Pakrasi and his colleagues are also hot on the heels of genome-scale models in Cyanothece. At the last count, their metabolic model was on par with Shewanella's, with 719 reactions, 749 metabolites, and 574 genes. "We're still definitely in the mid-stages of the [metabolic] model," says Jennie Reed, a bioengineer at the University of Wisconsin-Madison, who works on the project. Meanwhile, the gene regulatory model is progressing quite rapidly. Last year, Pakrasi's team published Cyanothece's genome and transcriptome, and now they're working on the proteome.

"To suddenly have an order of magnitude increase in data acquistion is a challenge. But it's a good challenge." -Dick Smith

The initial proteomic results have important implications for all biological research, says Dick Smith, a chief scientist at the PNNL who collaborates with Pakrasi. "In going from the transcriptome to the proteome there's not a one-to-one correlation," Smith says. Rather, there's only about a 50% overlap. "Where we find concordance [between the proteome and transcriptome], our models that are based on time series data work very well," adds Pakrasi. "But 50% of the time they're not working simply because we're not getting into more detailed [proteome] analysis."

Smith is starting to make more detailed analyses possible by vastly improving the mass spectrometry techniques used for high-throughput proteomics. This has created the same obstacle encountered by Baliga's group before him, though—namely, a glut of data to sort out. "To suddenly have an order of magnitude increase in data acquisition is a challenge," he says. "But it's a good challenge."

In response, McDermott developed a bioinformatics tool to graphically explore gene networks in Cyanothece, whose gene activity waxes and wanes in a predictable fashion throughout the day. Yet that's not always intuitively obvious when you stare at the heat maps or time plots that researchers have traditionally relied upon, McDermott says. So when he first created his illustration, he figured Christmas had come early: Not only was the software working, but through his graphical representation, which looked like a circular wreath, he could finally make sense of the immense Cyanothece dataset. "It portrays that temporal and cyclical nature of this data in a more intuitive fashion," he says.

Jason McDermott's 'wreath' of gene activation in Cyanothece

The image depicted a ring of interconnected genes, all mapped neatly onto time.

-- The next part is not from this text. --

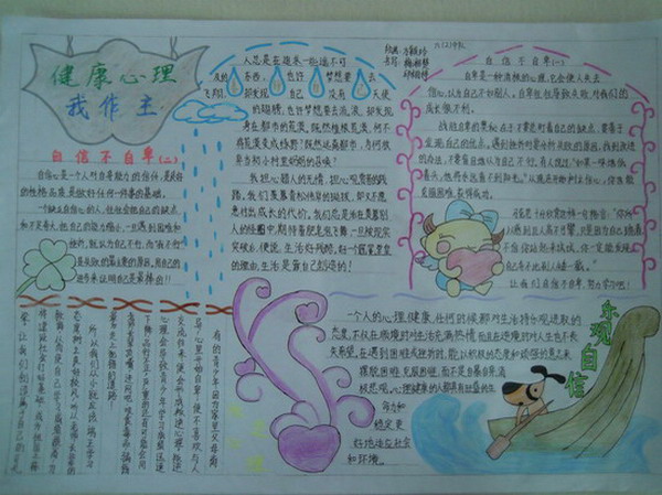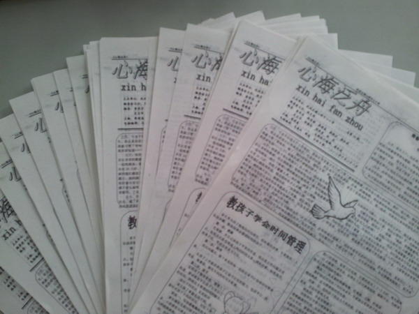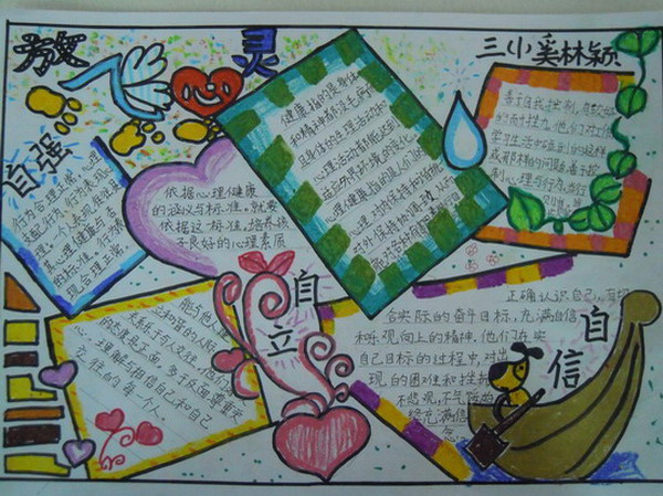 为了更好地推进心育工作,作为老师和家长同样要努力学习。我们自编了横小心理报——《心海泛舟》。《心海泛舟》每月一期,每位教师、学生、家长人手一份,从不间断。如今,《心海泛舟》已经编印至16期了!上面有教师辅导手记,有家长育子心得,还有校园新闻集锦等等,现在《心海泛舟》已成为师生、家长茶余饭后的一道精神营养餐了,大家一有空就争相阅读。它成了家长之间、家校之间沟通的桥梁。坚持“全员心育,打造精神乐园”,我们为着这个目标默默努力着,为创建横山桥中心小学明天的辉煌而不懈地付出着。横小的孩子们也有着惊人的才艺,近日,他们在各位班主任的精心指导下,编出了一份份精美的心理健康小报,真是令人赞不绝口啊!

If you look at the top of the ring, McDermott explains, you can find all the genes that are active at dawn. And at the bottom, sit all the genes that peak at mid-day. "In this way the wreath mimics a clock," he says (See figure to the left).

Currently, the Cyanothece model can predict some aspects of the regulatory network, such as which genes are essential for survival, but the scientists can't yet model time-dependence or responses to novel stimuli. "The models that we've generated are predictive in a certain way," McDermott says, "but we'd need a few more datasets to get a good predictive model." At the moment, they only have overlapping transcriptomic, proteomic and metabolomic data from the same sample for one environmental condition—the standard 12 hour light, 12 hour dark cycle.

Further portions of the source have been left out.